И мне стоило поступить в институт новых языков и вытерпеть всю хаотичность и нелепость институтской жизни только ради того, чтобы поучиться у Леонида Петровича Гроссмана и Бориса Александровича Грифцова и свести с ними близкое знакомство.
Внешность Гроссмана останавливала взгляд. Меня Бог ростом не обидел, но когда я стоя разговаривал с Леонидом Петровичем или шел рядом с ним, сам себе я казался лилипутом, а Леонид Петрович – Гулливером. Вышине Леонида Петровича соответствовали крупные черты лица и большая голова, которую, казалось, с трудом поддерживало узкое туловище, и оттого она у него покачивалась при ходьбе или клонилась набок. Общее впечатление благородной внушительности усиливала тогда уже сильно прохваченная сединой волнистая чернь волос. Когда он задумывался, его большие, черные, слегка навыкате, глаза принимали строгое выражение. А в бесхитростной улыбке, приоткрывавшей верхний ряд зубов, неровных, как у ребенка, у которого еще не выпали молочные зубы, вытесняемые постоянными, было что-то детское.

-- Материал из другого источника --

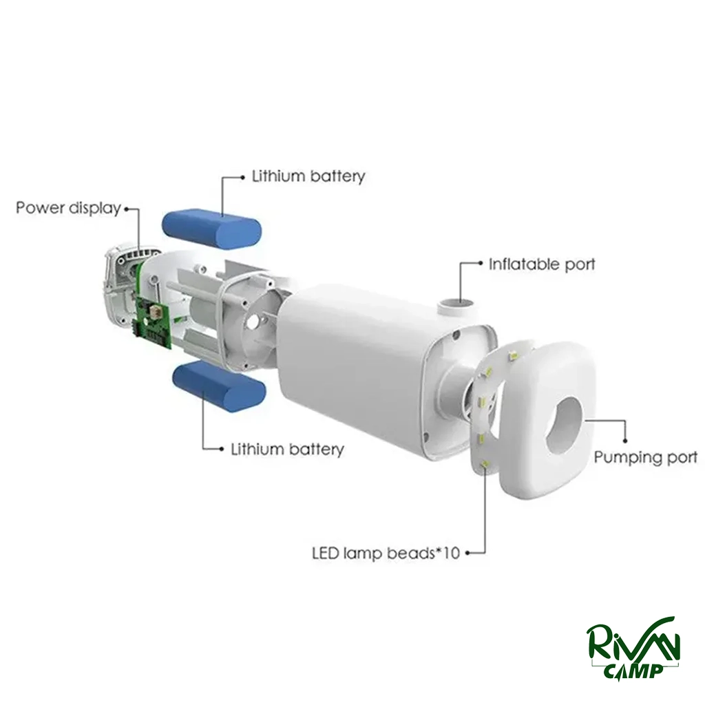 این پمپ قابلیت کارکرد به عنوان پمپ باد، پاوربانک و چراغ LED را دارد. باتری 9000 میلیآمپر ساعتی امکان استفاده طولانی مدت و شارژدهی مناسب را فراهم میکند. چراغ LED با روشنایی 350 لومن و مدت زمان نوردهی 11 تا 480 ساعت شرایط مناسب برای کمپینگ و شبمانی ایجاد میکند.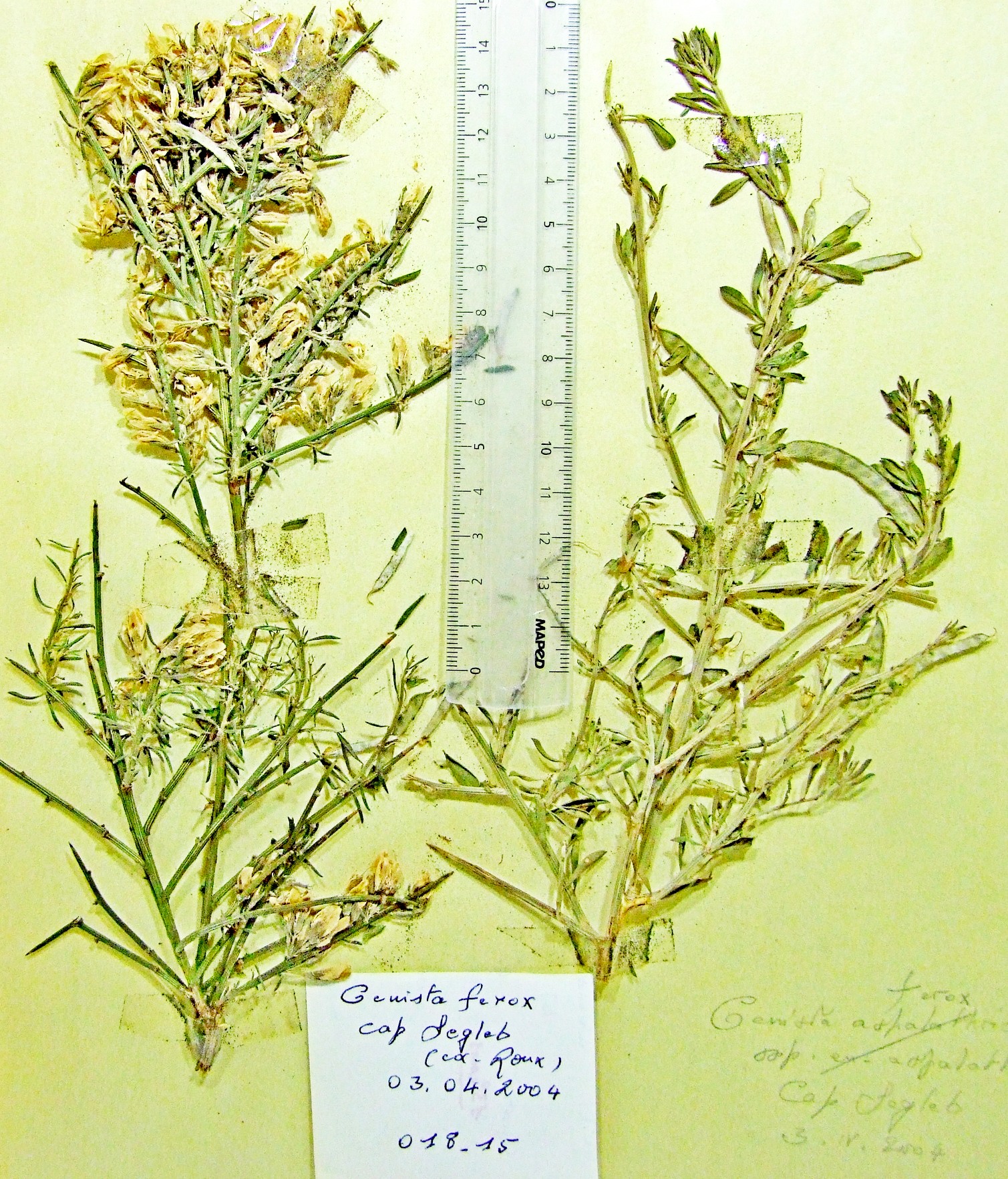 | 018_15 | Leguminosae Genista ferox (Poiret) Dum. Cours | x=8.612306 y=36.940861 z=98 m | cap Segleb 2 El Tarf 2004-04-03 |  |

Леонид Петрович читал у нас теорию литературы. Определяя варваризмы и прозаизмы, метафоры и метонимии, Леонид Петрович засыпал нас приводимыми на память цитатами из русских классиков, преимущественно – из поэтов. По одному тому, как он читал стихи и прозу, было видно, что он не просто любит – что он боготворит русскую литературу. Русская литература была для него храмом, и он не позволял даже легкой шутки над его святынями. Не помню, по какому поводу, я прочел наизусть не глумливую, а шутливую пародию на Пушкина из сборника «Парнас дыбом»:
Леонид Петрович не сделал мне замечания – слишком для этого он был деликатен. Он ответил мне стихами из «Моцарта и Сальери»;
Гроссман был не способен на резкую отповедь. Когда бойкий, но пустопорожний фельетонист Левидов сказал ему по поводу какой-то фразы Достоевского:
– До чего ж это по-идиотски звучит!
– Леонид Петрович мягко возразил:
– У Достоевского это звучит не по-идиотски.
Гроссман читал лекции глуховатым, негибким баском, слегка в нос, с одесским акцентом, но то, что у другого лектора воспринималось бы как притупляющие внимание недостатки, у него как-то не замечалось. Недостатки лектора Гроссмана поглощала захватывающая дух широта знаний, поглощала свобода, с какою лилась его плавная, живописная речь, поглощал его тихий восторг перед русским словом, перераставший в восторг перед Россией.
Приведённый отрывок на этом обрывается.